La persona que no quiera verse en el «cesto de los deplorables» de Hillary Clinton no debe preguntarse si un cesto es el lugar adecuado en el que, sólo mentalmente incluso, habría que poner a aquellas personas con las que se disiente; ni debe prepararse para poner a punto sus argumentos contra la legalización del matrimonio incestuoso (que no tardará en llegar seguramente). ¿Cómo, sin parecer deplorable, responderá al argumento de que las leyes actuales contra lo incestuoso son discriminatorias y frustran a dos o más personas (¿por qué no a más, puestos a ello?) que consienten en sus deseos? ¿Cómo, sin parecer discriminatorio, responderá al argumento de que una combinación de contracepción y pruebas prenatales puede eliminar los problemas de defectos genéticos en la descendencia de las uniones de este tipo, de tal modo que deje ya de haber ningún tipo de argumento práctico o utilitario en contra de ellas?

Hay tantos temas sobre los que, a fin de evitar acabar en el cesto, hay que suprimir ahora todo pensamiento o, mejor aún, no pensar, que esta persona se siente oprimida. Cuanto más importante es el tema, más tiene que ignorarlo. ¿Le preocupa que una llegada demasiado grande de personas empapadas de una cultura extraña cambie un modo de vida al que se siente apegado? Debe aprender a superar su apego: porque, históricamente considerado, el modo de vida al que se siente apegado es responsable de todos los males del mundo, pasados, presentes o futuros. (Esta es, seguramente, la imagen refleja de la mission civilisatrice, y resulta al menos halagadora para nuestro engreimiento.) Es nuestra obligación, por tanto, si no deseamos que nos clasifiquen como deplorables, alegrarnos de lo que lamentamos, obtener placer de nuestra propia pérdida, no ver en lo extraño más que lo amistoso, compatible y enriquecedor, y concebir en general el mundo sin más como un montón de restaurantes diferentes.

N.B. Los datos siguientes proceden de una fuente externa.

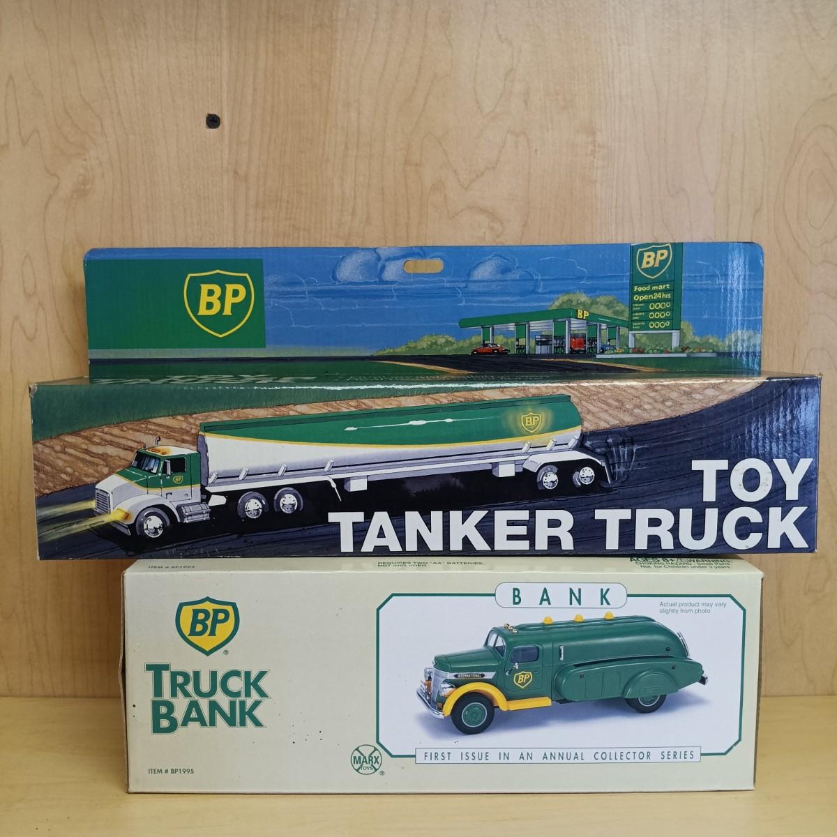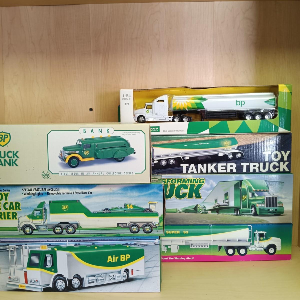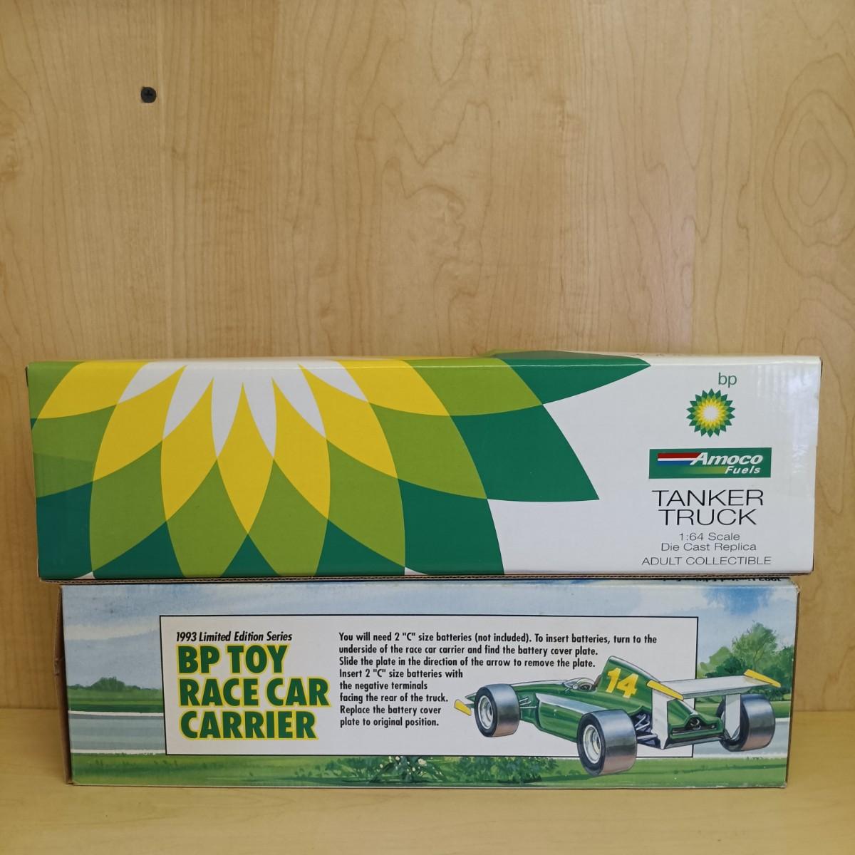 LOT 29: Diecast BP Tanker Truck, 1993 Lim. Ed. BP Race Car Carrier, BP Truck Bank & More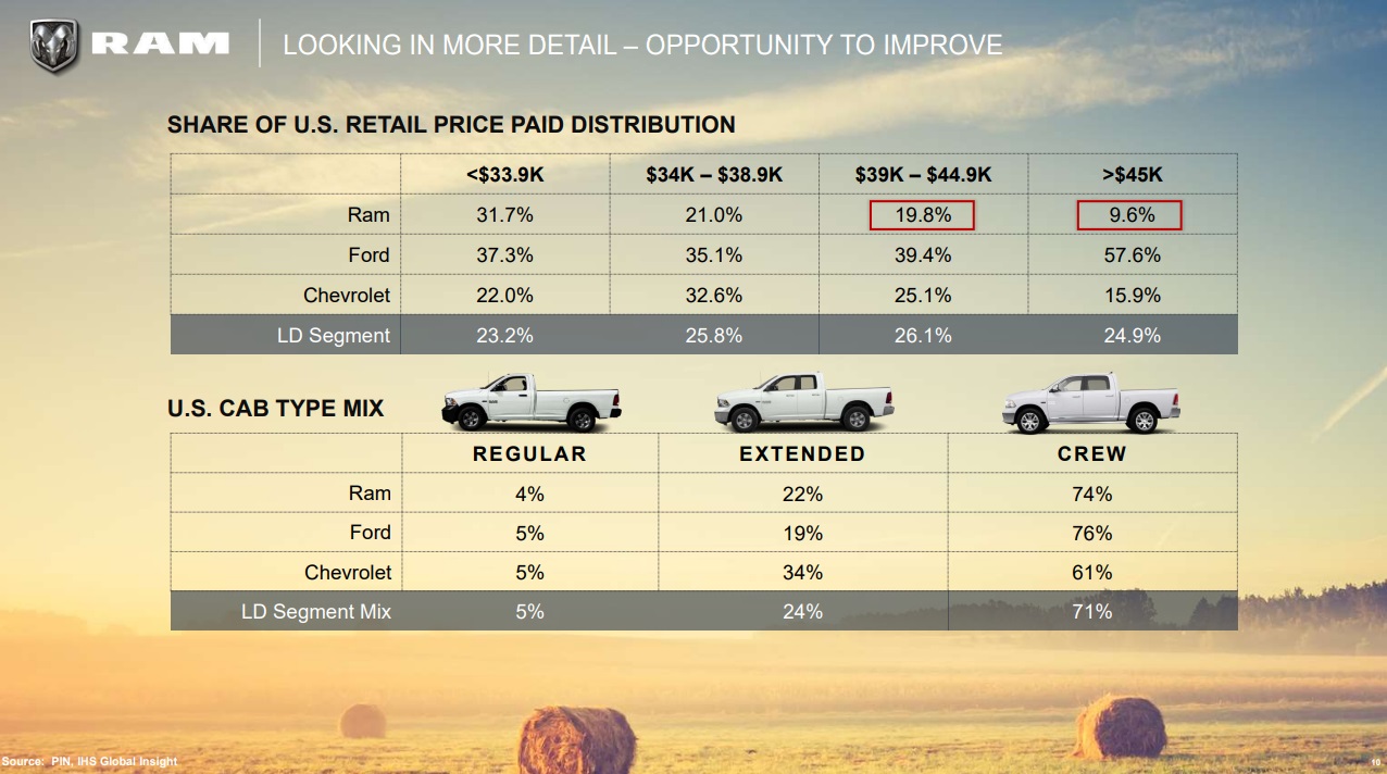 FCA is also trying to be more profitable in each of the vehicles it sales. According to the presentation the Ram brand is the lowest average transactions of any brand in both light duty and heavy duty trucks. Ram is predicting that the new Ram 1500 will have an average transaction price of $43,000US compared to the exiting Ram 1500s typical transaction of $37,000US. As for Heavy Duty Rams, the current transaction price is $50,000US and Ram is hoping the new 2020 model will push transactions to just under the average for a Ford Super Duty’s average transaction price of $56,000US.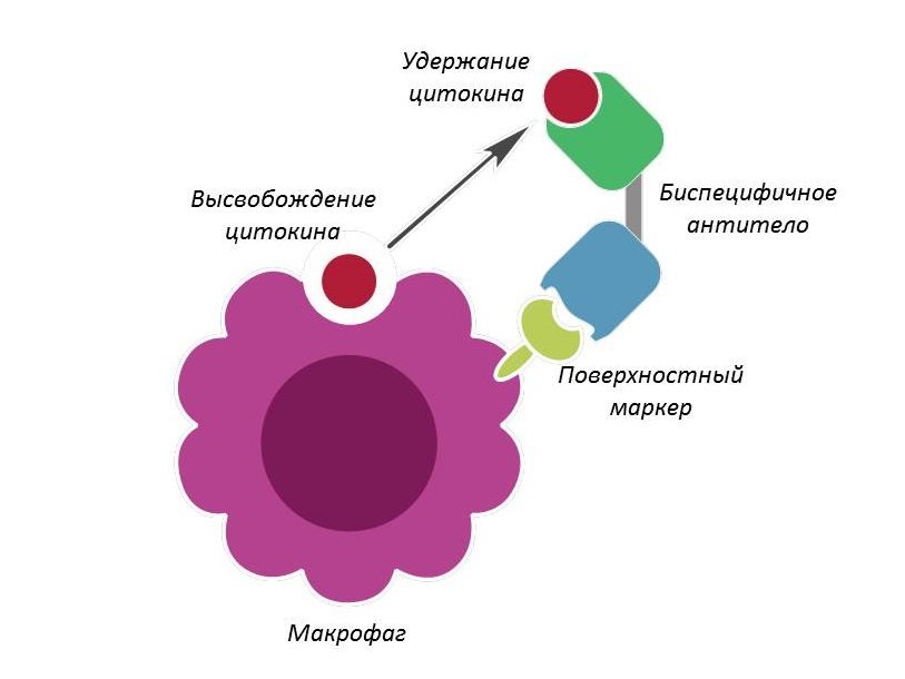 «У нас были созданы так называемые биспецифичные антитела. Это значит, что они умеют связывать два типа молекул. Одной “рукой” они цепляются за клетку и связывают поверхностный маркер, например на макрофаге, а второй “рукой” они захватывают тот самый цитокин, который эти клетки продуцируют. Соответственно, этот цитокин вместо того, чтобы системно попадать в кровоток и вызывать аутоиммунитет, просто сидит на поверхности макрофага и там удерживается и блокируется», – заключила Марина Друцкая.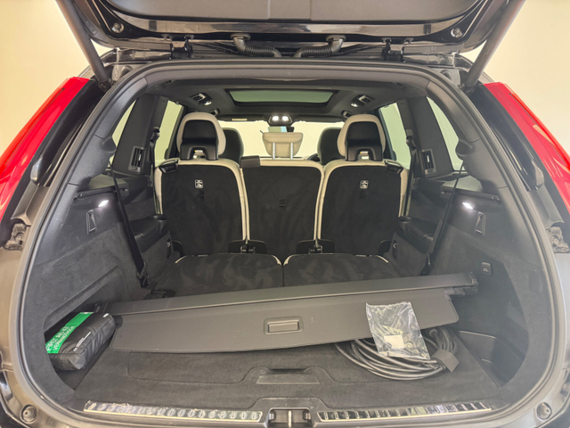 Volvo xc90 black Air conditioning, Climate control, Dual zone climate control, Multi zone climate control, Armrest, Keyless entry, Electrically adjustable seats, Heated windshield, Electric boot, Electric side mirrors, Electric windows, Electric handbrake, Heated seats, Heated steering wheel, Lumbar support, Multi-function steering wheel, Rain sensor, Split rear seats, Gear shift paddles, Android Auto, Apple CarPlay, Bluetooth, MP3 compatible, 12v power outlet, Radio, Touch screen display, USB connection (front), Wifi, Adaptive cruise control, Cruise control, Hill hold assist, Navigation system, Parking camera, Front parking sensors, Rear parking sensors, Remote boot release, Roof rails, Speed limiter, Start-stop system, Traffic sign recognition, Voice control, Parking assistance, Digital instrument panel, Alloy wheels, Electric sunroof, Leather interior, Leather steering wheel, Panoramic sunroof, Spoiler, Sunroof, Adaptive headlights, Ambient lighting, Auto lights (dusk sensor), Daytime running lights, High beam assist, LED headlights, ABS, Lane change assist, Anti collision system, Alarm system, Emergency brake assist, Central locking, Driver-side airbag, Immobilizer, Isofix, Lane departure warning, Tyre pressure monitor, Passenger-side airbag, Seat belt warning, Side airbag, Stability control, Traction control, Emergency tyre repair kit, 4WD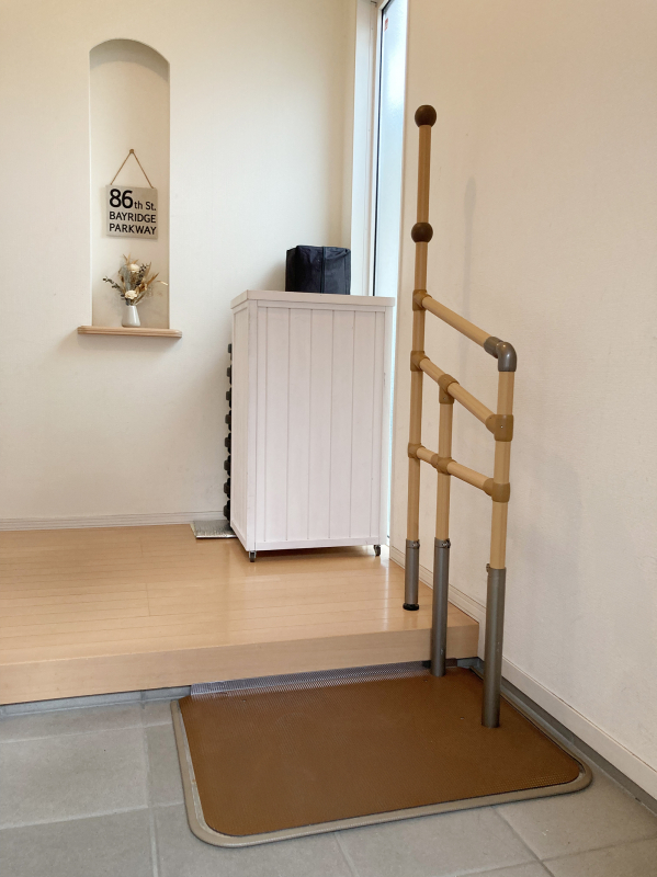 工事不要で、段差20cm までの玄関に設置できます。軽量なので持ち運びもしやすいです。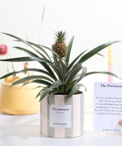 - De Ananas Rosita is een tropische blikvanger met grijsgroene bladeren en een decoratieve roze vrucht bovenop.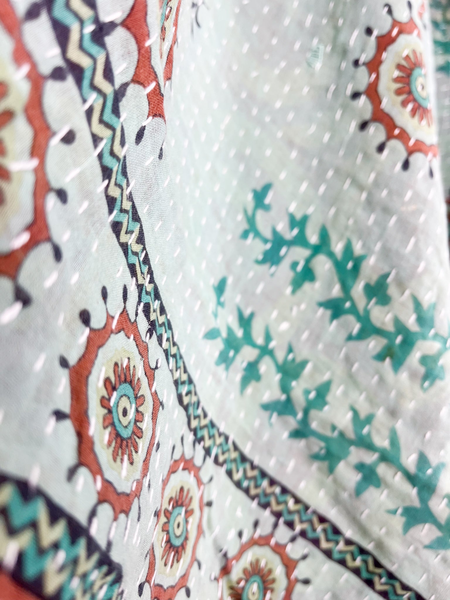 this is Kantha stitches all over the fabric. this kantha work is done by layering 2 or more cotton sarees over each other and stitched them all over the span to get the desired thickness depending upon the number of sarees put in layers, the texture of the stitch all over and the floral prints of cotton make it unique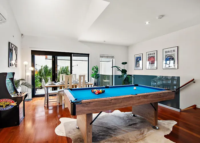 メルボルン3 Story Zen Japanese Richmond Townhouse,Pool Tableアパートメントはロイヤル植物園から2.1キロメートルの距離で、メルボルン・クリケット・グラウンドから自動車で5分以内の場所にあります。 このアパートではWi-Fiと無料の専用駐車場も利用できます。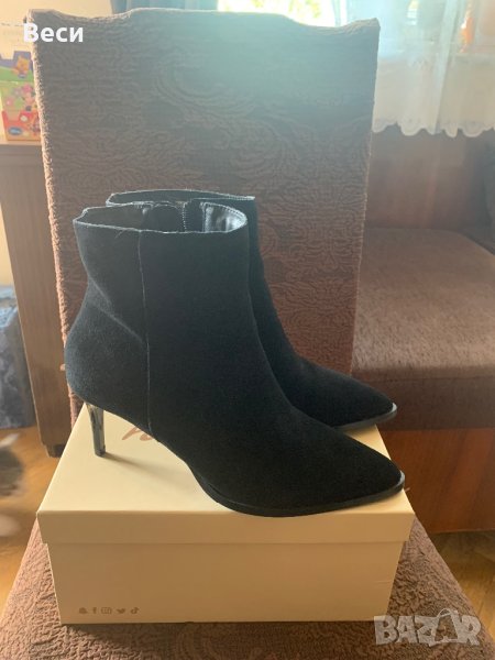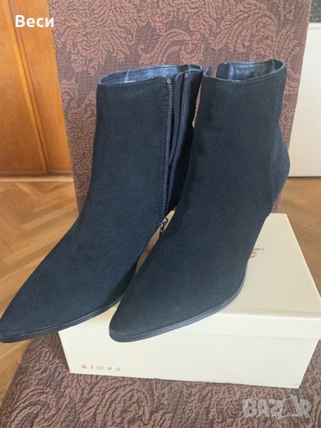 Чисто нови черни боти от набук с височина на тока 7 см.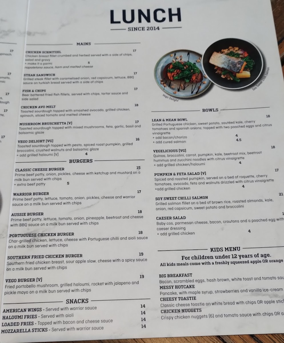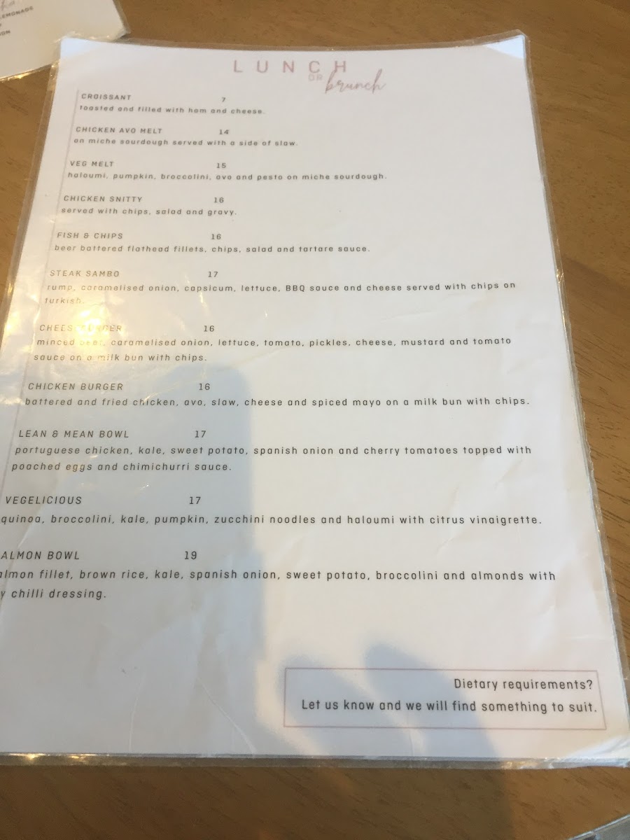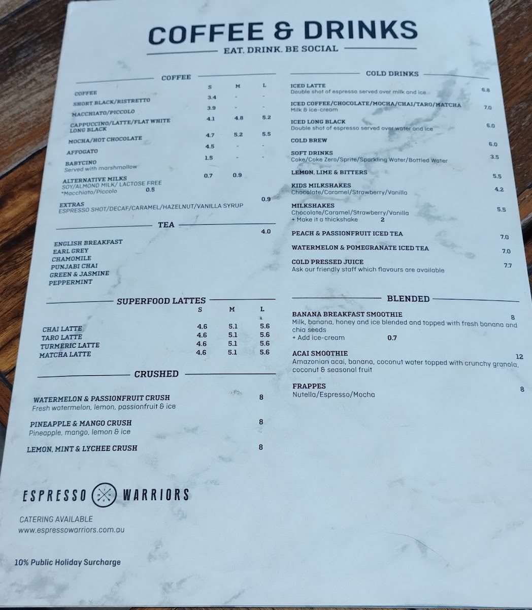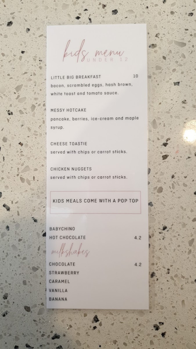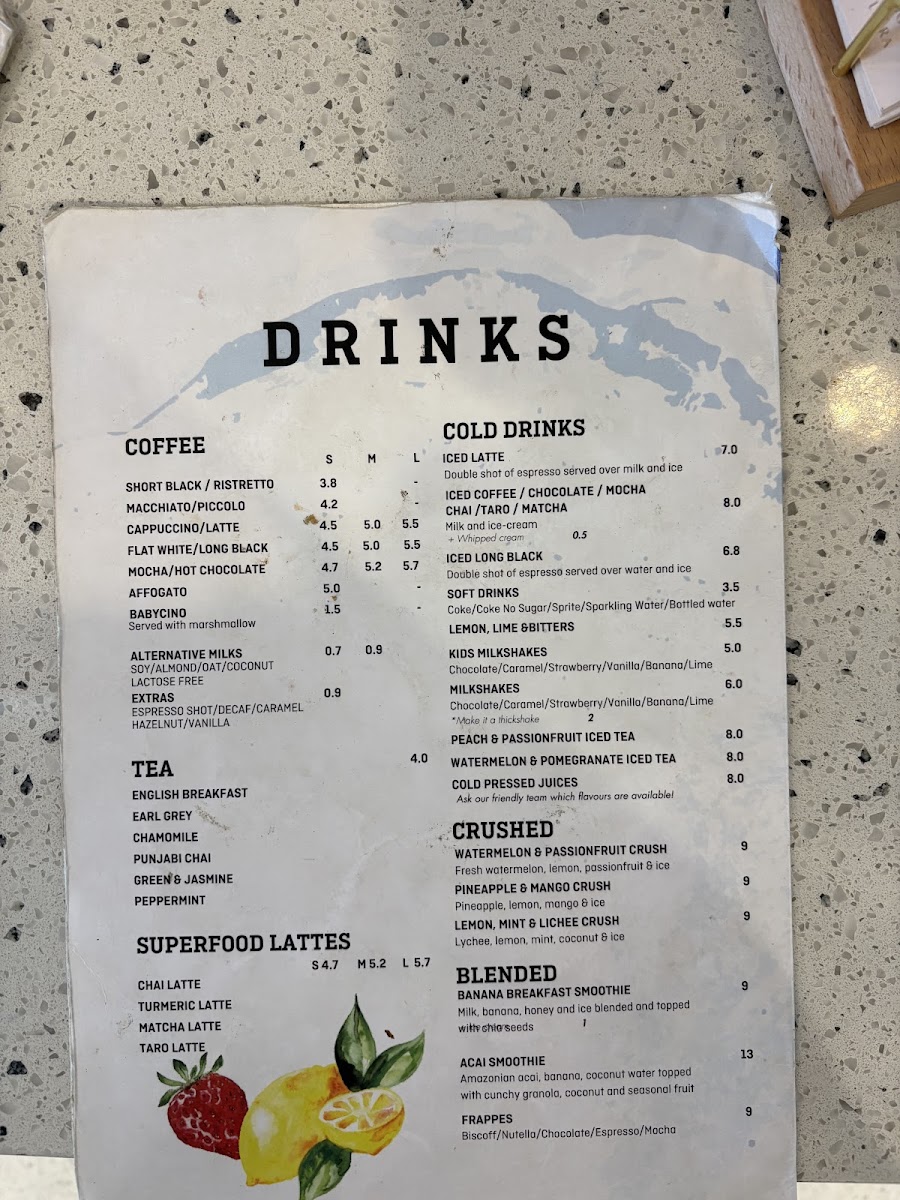 Coffee and Hot Beverages: A variety of coffee options are offered, including popular choices like Piccolo, Flat White Coffee, Iced Latte, Caramel Latte, Large Latte, and Babychino, suitable for different coffee preferences throughout the day.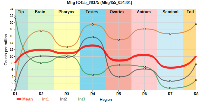 | 96. | MligTC455_44510 | 380 | 7.92 | Mlig455_016691 | Neo: - Age: Up-Down-Up Region-enriched R3: 2.041/0.03837 |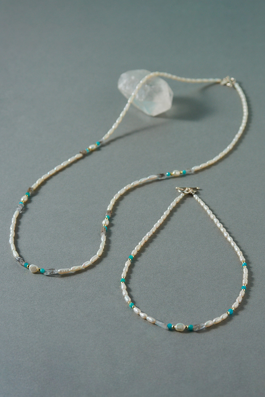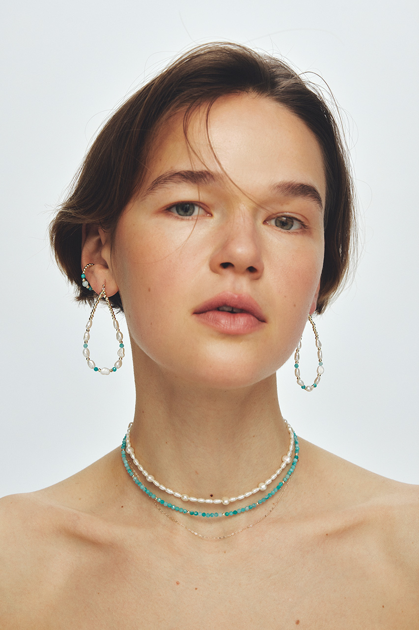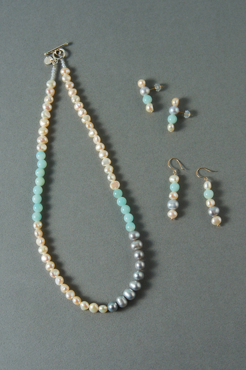 洞窟内から見える海の青さにインスピレーションを受けた幻想的な美しさの天然石と淡水パール。表情豊かな淡水パールに、グラファイトやアマゾナイトなど幻想的な美しさがある天然石を合わせたデザインは、みずみずしい艶をたたえ、品のよさと神秘的なムードをもたらします。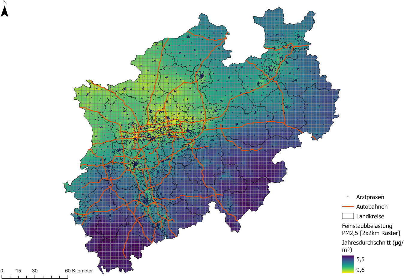 Rasterdaten hingegen stellen Flächen auf einem Gitter dar. Sie bestehen aus gleich großen Bildpunkten (Pixeln) und eignen sich insbesondere zur Darstellung von Bevölkerungsdichten oder Umweltinformationen wie Feinstaubbelastungen, was im Kontext umweltbedingter Gesundheitsrisiken relevant sein kann. Sie erleichtern zudem Kombinationen mit anderen Daten (z. B. Schadstoffbelastung und körperliche Aktivität), die in übergreifenden Public-Health-Studien Anwendung finden [15]. Die verschiedenen Datentypen können auch in einer Darstellung kombiniert Anwendung finden. Ein Beispiel ist in Abb. 1 zu finden. Hier werden administrative Daten (Landkreise) als Polygondaten und Autobahnverläufe als Liniendaten des Bundesamts für Kartographie und Geodäsie, Daten auf Basis der optimalen Interpolation zur Feinstaubbelastung des Umweltbundesamtes als Rasterdaten sowie Daten zu Standorten von Arztpraxen als Punktdaten aus OpenStreetMap in einer Karte dargestellt.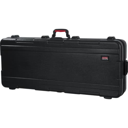 Gator GTSA-KEY61 61 Key Keyboard Case TSA Series with Wheels lets you travel in safety and style. The TSA Series ATA Keyboard Case for 61-Note Keyboards from Gator Cases was designed for safe airline transport, the case is equipped with four surface-mounted impact-diversion latches, each with a red release trigger; two of the latches are special TSA-approved latches which allow you to keep your case safely locked while travelling. The interior of the case features a plush black fabric to prevent scuffs and damage along with a customizable wedge & block system which securely holds the keyboard in place during transit. This case's internal cavity is truly deluxe, the security provided for your 61-key digital piano or keyboard instrument is next level, the adjustable wedges also allow excess space to be used for storing your cables, foot switch, and other accessories, so you won't have to worry about multiple bags at the airport. Heavy-duty and durable, this case is built out of nearly-indestructible polyethylene plastic with black powder-coated hardware and a continuous valance that gives extra rigidity by spreading the support evenly around the perimeter of the case, literally built to military specs. Built to give you peace of mind when you're sitting on the plane. Recessed in-line wheels and a durable injection-molded ergonomic rubber-gripped top handle make for easy handling of the heaviest keyboards. The Gator GTSA-KEY61 61 Key Keyboard Case TSA Series with Wheels makes your large and heavy keyboard manageable to haul through the airport or up to the stage, two additional spring-loaded rubber grip side handles allow for two-man carry configurations if needed. Keyboardists everywhere stand behind their Gator TSA/ATA cases for their exceptional strength and protection in transit. Whether you fly with your keyboard or just want a rugged case for your rig, Gator is your answer.

No debe siquiera pasársenos por la cabeza que quizá sea desaconsejable aceptar en nuestro seno a un número demasiado grande de personas cuya religión no favorece la indagación intelectual sin restricciones; que cuenta con una tradición ininterrumpida de castigar a los críticos, cuando no de eliminarlos; que no tiene concepción alguna de la igualdad ante la ley; y cuyo influjo en su forma más intransigente y evangelizadora parece ser hacerse más fuerte en la segunda generación. Nuestra autocensura debe producirse toda ella en nombre de una cualidad abstracta ?la diversidad? que se da por supuesto que es buena incondicionalmente y sin reservas. ¿No debemos preguntar qué recibimos específicamente, además de restaurantes y de algunas personas de talento que pueden encontrarse en todos los grupos humanos, a cambio del peligro de plantean ahora una minoría de ellos, hay que admitir que muy pequeña? ¿Cuál es el beneficio que no pueda ser traído por otros grupos inmigrantes sin el peligro anejo? Dejar siquiera que estos pensamientos se te pasen por la cabeza durante un instante es padecer la deplorable condición de islamofobia: como si preguntarse si el islam fuera compatible con la libertad intelectual, especialmente en relación consigo mismo, fuera similar en su forma a un miedo irracional a las arañas o a estar encerrado en una habitación. Esta fobia, sin embargo, es tanto enfermedad como defecto moral (al contrario de la aracnofobia o de, por ejemplo, la adicción a las drogas, que es una pura enfermedad).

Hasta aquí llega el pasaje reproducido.